Radioactive strontium emits beta particles. Gross beta was detected when one surface water sample was screened for gross alpha/gross beta. The U.S. EPA's maximum contaminant level for gross beta in drinking water is 50 picocuries per liter. The level in the surface water sample was 35.

Strontium 90 is associated with nuclear power plants. It is also found in generators used to create low-voltage power for such things as lights on buoys.

Other types of strontium hazardous to human health are used in industries such as sugar beet refining, medicine, ceramics production and pigments.

Strontium 90, medical researchers say, is particularly hazardous because it can be deposited in the bones of animals and humans. Research links it to leukemia, bone cancer, impairment of the immune system and lung cancer (if inhaled.)

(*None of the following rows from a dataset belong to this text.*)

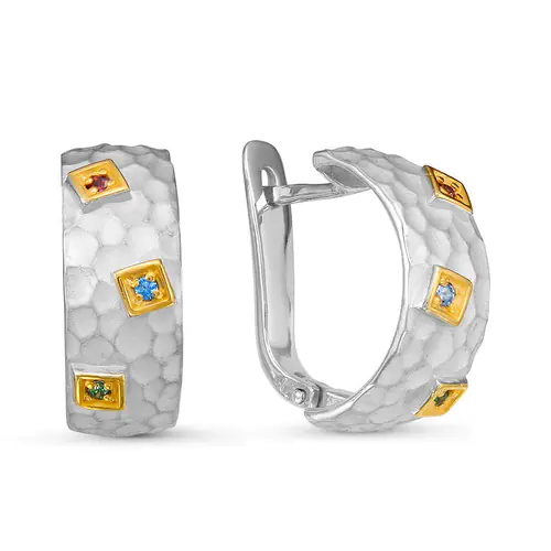 Миниатюрные серебряные серьги Play с уникальной мятой текстурой и ослепительным сочетанием разноцветных фианитов! Проработанное, но минималистичное, понятное, но совсем не банальное — идеальное базовое украшение! Яркие и роскошные серьги Play идеально впишутся в вечерний и повседневный образ. А если вам захочется добавить ещё деталей, то определённо стоит присмотреться к кольцу из этой же серии. Великолепный экземпляр современного направления в ювелирном искусстве из серебра высшей пробы!Покрытие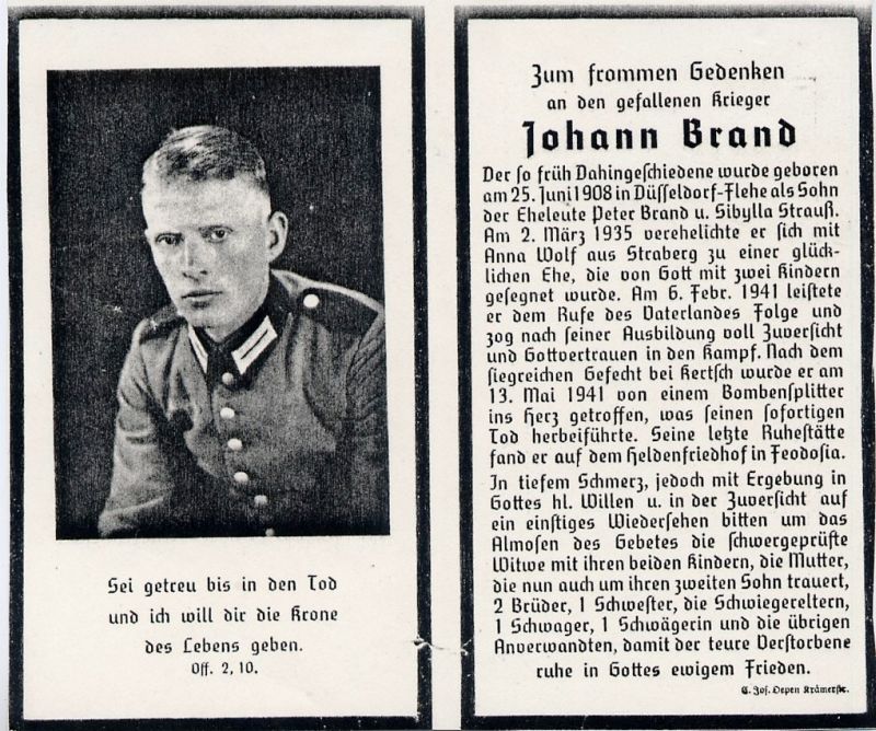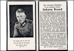 | Gefallener 2. Weltkrieg; Eltern: Peter Brand u. Sibylla geb. Strauß; ∞ 2.3.1935 Anna Wolf aus Straberg; 2 K.; 6.2.1941 Einberufung zur Wehrmacht; Heldenfriedhof in Feodosia |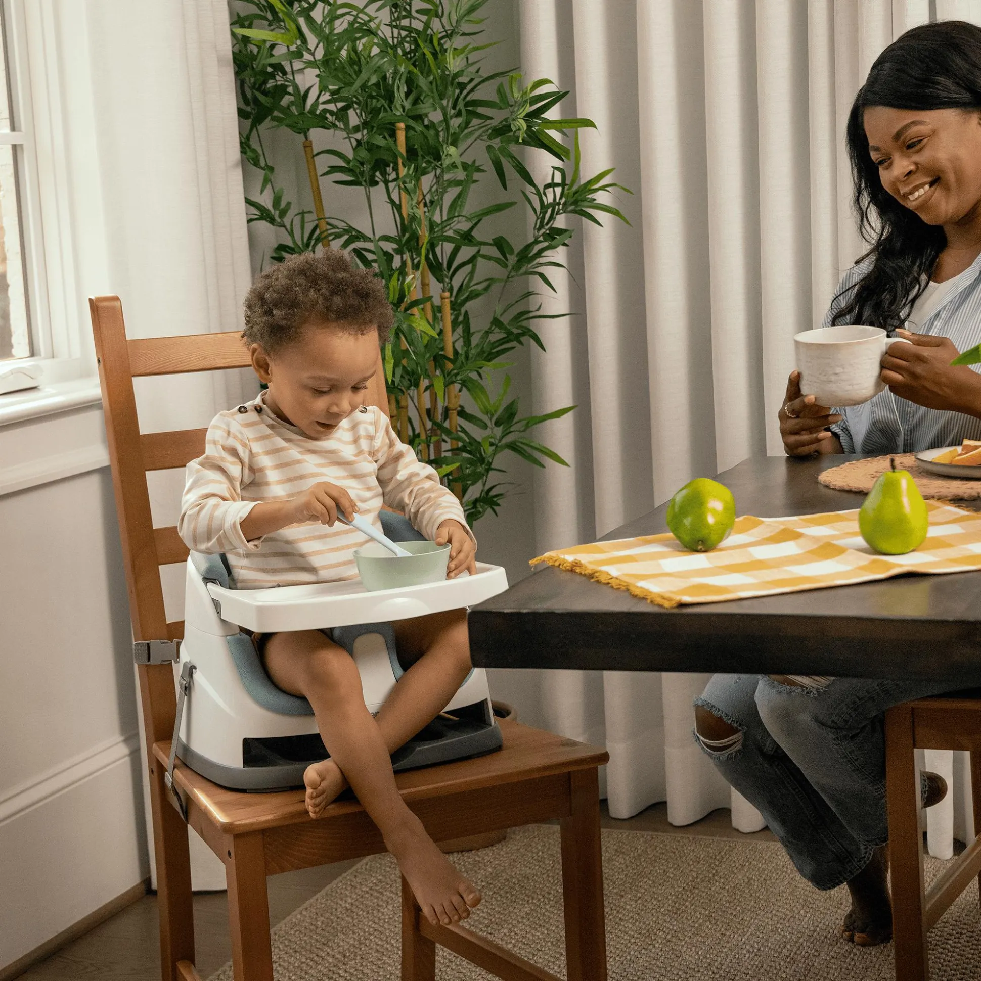 Die Sitzerhöhung Baby Base 2-in-1 von ingenuity ist die ideale Lösung für dein kleines Wunder, wenn es beginnt, eigenständig zu sitzen. Mit weichen Gurten sicher befestigt, verwandelt sich fast jeder Esszimmerstuhl in einen Ort, an dem dein Baby die Welt aus einer neuen Perspektive entdecken kann. Das ergonomische Design passt sich mühelos dem Wachstum deines Kindes an – von den ersten Breiversuchen bis hin zu gemeinsamen Mahlzeiten mit der Familie.

Another type, strontium chromate, is defined by the Environmental Defense Fund as a "recognized carcinogen ... used in (certain) building materials and furnishings."

Even if strontium detected at the landfill turns out to be naturally occurring, Jim Evans, head of Ohio EPA's division of drinking and groundwater in Columbus, says the recommended maximum lifetime ingestion is 17 milligrams per liter. Jack Cramer of Heidelberg's water quality lab says 1 in 30 wells in Seneca County tests high for strontium.

Growing bones, studies show, confuse strontium for calcium. A radiophysician at U.S. EPA says bones weakened by strontium may develop rickets or be otherwise malformed. The agency says insufficient study has been done to know whether excess naturally occurring strontium heightens the risk of cancer.

A boy scout well north of the landfill was tested for gross alpha/gross beta, a measurement for elevated levels of radioactivity. Any levels present were below those deemed unacceptable by U.S. EPA.

No samples of any kind, gross alpha/gross beta or otherwise, have been taken south or east of the landfill by Hull and Associates or Ohio EPA.

The east edge and south end of the landfill contain trenches, some of which were used for dumping of 27-gallon drums of various wastes.